***** EXCERPTED DATA

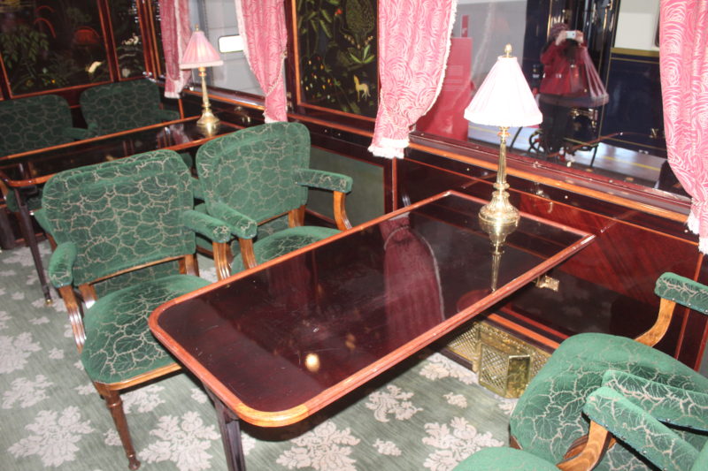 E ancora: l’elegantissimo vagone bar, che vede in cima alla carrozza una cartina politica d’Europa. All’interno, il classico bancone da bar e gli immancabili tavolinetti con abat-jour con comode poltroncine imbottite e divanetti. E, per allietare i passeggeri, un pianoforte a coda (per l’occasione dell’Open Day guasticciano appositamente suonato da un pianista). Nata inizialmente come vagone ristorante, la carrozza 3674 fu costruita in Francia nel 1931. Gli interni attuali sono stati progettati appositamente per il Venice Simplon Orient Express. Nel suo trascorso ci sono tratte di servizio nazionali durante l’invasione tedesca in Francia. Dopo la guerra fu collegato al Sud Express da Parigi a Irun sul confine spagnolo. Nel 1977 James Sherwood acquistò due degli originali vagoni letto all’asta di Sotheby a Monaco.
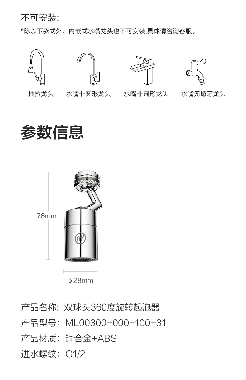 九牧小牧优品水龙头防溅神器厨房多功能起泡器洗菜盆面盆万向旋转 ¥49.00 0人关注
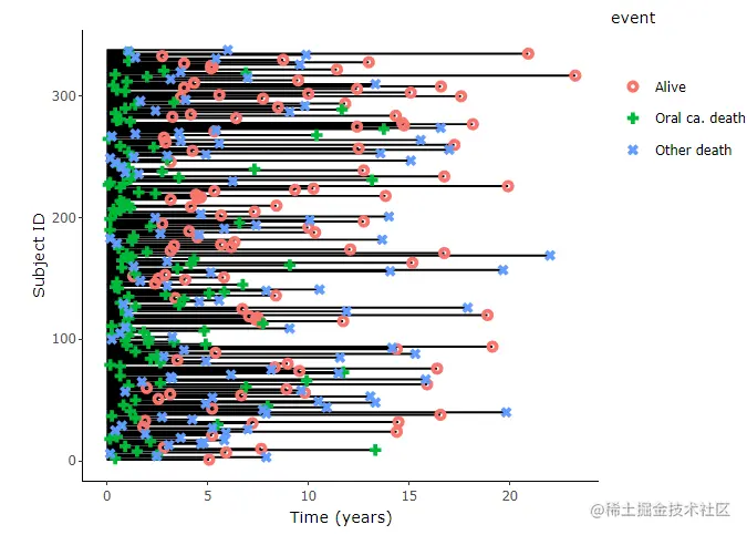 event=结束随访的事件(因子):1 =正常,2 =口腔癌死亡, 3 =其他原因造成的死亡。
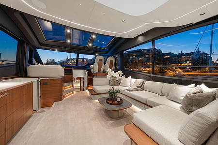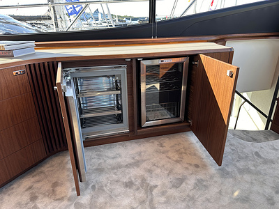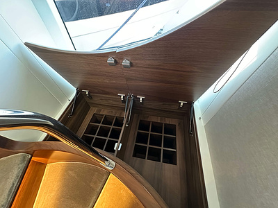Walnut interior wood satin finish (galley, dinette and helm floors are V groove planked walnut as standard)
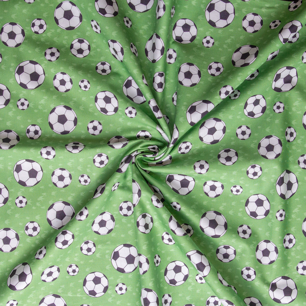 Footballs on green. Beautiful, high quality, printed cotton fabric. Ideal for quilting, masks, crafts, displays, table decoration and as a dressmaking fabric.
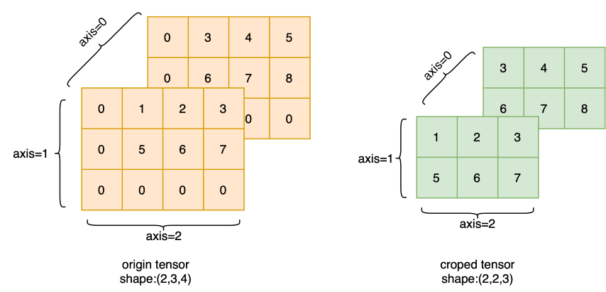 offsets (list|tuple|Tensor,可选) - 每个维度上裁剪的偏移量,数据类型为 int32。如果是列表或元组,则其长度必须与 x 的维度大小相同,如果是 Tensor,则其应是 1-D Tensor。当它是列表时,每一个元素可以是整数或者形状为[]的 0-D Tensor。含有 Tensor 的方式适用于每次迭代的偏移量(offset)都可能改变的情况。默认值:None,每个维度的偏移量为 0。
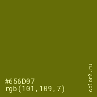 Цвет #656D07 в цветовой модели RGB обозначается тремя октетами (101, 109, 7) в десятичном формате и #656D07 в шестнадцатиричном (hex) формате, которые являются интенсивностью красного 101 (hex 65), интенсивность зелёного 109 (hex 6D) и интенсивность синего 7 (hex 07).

**********

Please return exactly, and only, the lines from the one containing "offsets (list|tuple|Tensor,可选) - 每个维度上裁剪的偏移量,数据类型为" through the end of the records, with both end lines kept and every picture dropped.

 offsets (list|tuple|Tensor,可选) - 每个维度上裁剪的偏移量,数据类型为 int32。如果是列表或元组,则其长度必须与 x 的维度大小相同,如果是 Tensor,则其应是 1-D Tensor。当它是列表时,每一个元素可以是整数或者形状为[]的 0-D Tensor。含有 Tensor 的方式适用于每次迭代的偏移量(offset)都可能改变的情况。默认值:None,每个维度的偏移量为 0。
 Цвет #656D07 в цветовой модели RGB обозначается тремя октетами (101, 109, 7) в десятичном формате и #656D07 в шестнадцатиричном (hex) формате, которые являются интенсивностью красного 101 (hex 65), интенсивность зелёного 109 (hex 6D) и интенсивность синего 7 (hex 07).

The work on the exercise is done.